The distribution is definitely different. This is not surprising, because no Optimize experiment should be played out on AMP pages; so it is rather surprising why experiments on mobile devices have taken place here at all. And these cases have different values in relation to the target KPI, as you can also see in Analytics:

So we can’t draw conclusions about the whole page from the test results, but we also don’t know how big the effect of the unexpected mobile users is on the test result. To do this, we would have to redetermine the winner. But how is the winner determined in the first place? For example, we could use a chi-square test with the observation of the average SessionDuration:

chisq.test(x) Pearson’s Chi-squared test with Yates’ continuity correction data: x X-squared = 1.5037, df = 1, p-value = 0.2201′

In this case, p is above 0.05, more to p in the next section. If the Chi-Square test is the correct test at all, it would show that the difference is not statistically significant. However, this is not the test that Google Optimize uses.

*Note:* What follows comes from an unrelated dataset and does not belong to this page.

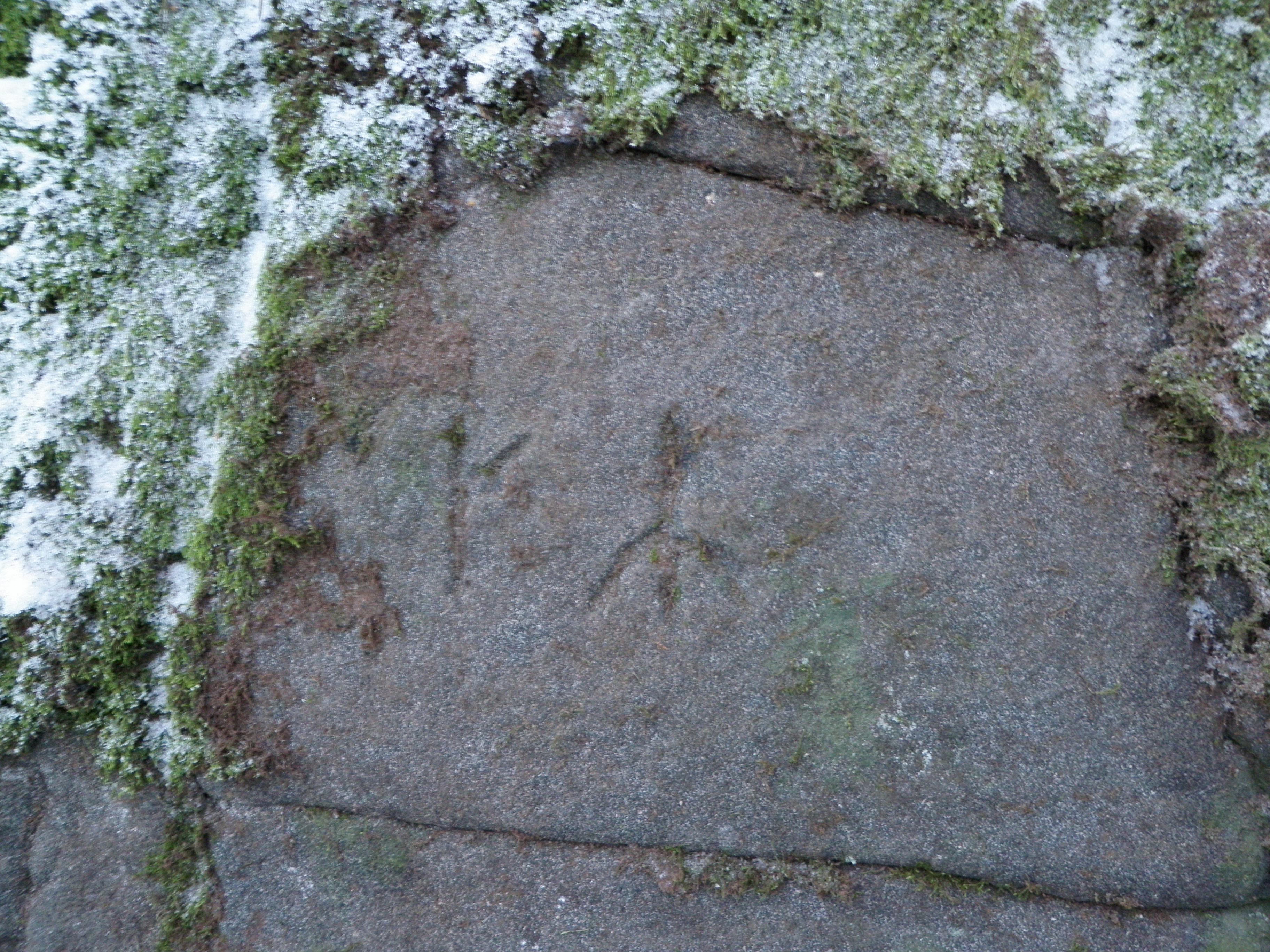 Vårt sökande lönande sig, koordinaterna var ganska bra för att vara inlagda på gammaldags sätt!! Det fanns inte många berghällar att välja på, efter lite letande under mossan framträdde ristningen. Vi var de första som såg ristningen sedan den senaste inventeringen 1973, jag måste säga att denna upplevelse var stor, långt större än någon cache! Visserligen inte någon förhistorisk ristning, men den är faktiskt snart hundra år och har på sitt sätt blivit en del av områdets historia. Har du vägarna förbi Delhuvudet finner du ristningen på: N57 40.932 E12 02.520 enligt RAÄ, men enligt min GPS var detta något fel, enligt min GPS var vi på: N57 40.927 E12 02.508.

Bayesian Inference versus NHST

What exactly is happening under the hood? Let’s take a look at how Google Optimize calculates whether a variant won or not. Unlike Adobe Test & Target, for example, or most significance calculators like Conversion’s (although Convertibility doesn’t even say what kind of test they’re using), Google Optimize isn’t based on a t-test, Mann-Whitney-U, or Chi Square test, but on a Bayesian inference method. What does that mean?

Two different ideas collide here, that of the so-called frequentists (NHST stands for Null Hypothesis Significance Testing) and that of the Bayesian inference supporters. Some of these have been and still are intensively discussed in statistics, and I am not the right person to make a judgement here. But I try to shed light on these two approaches for non-statisticians.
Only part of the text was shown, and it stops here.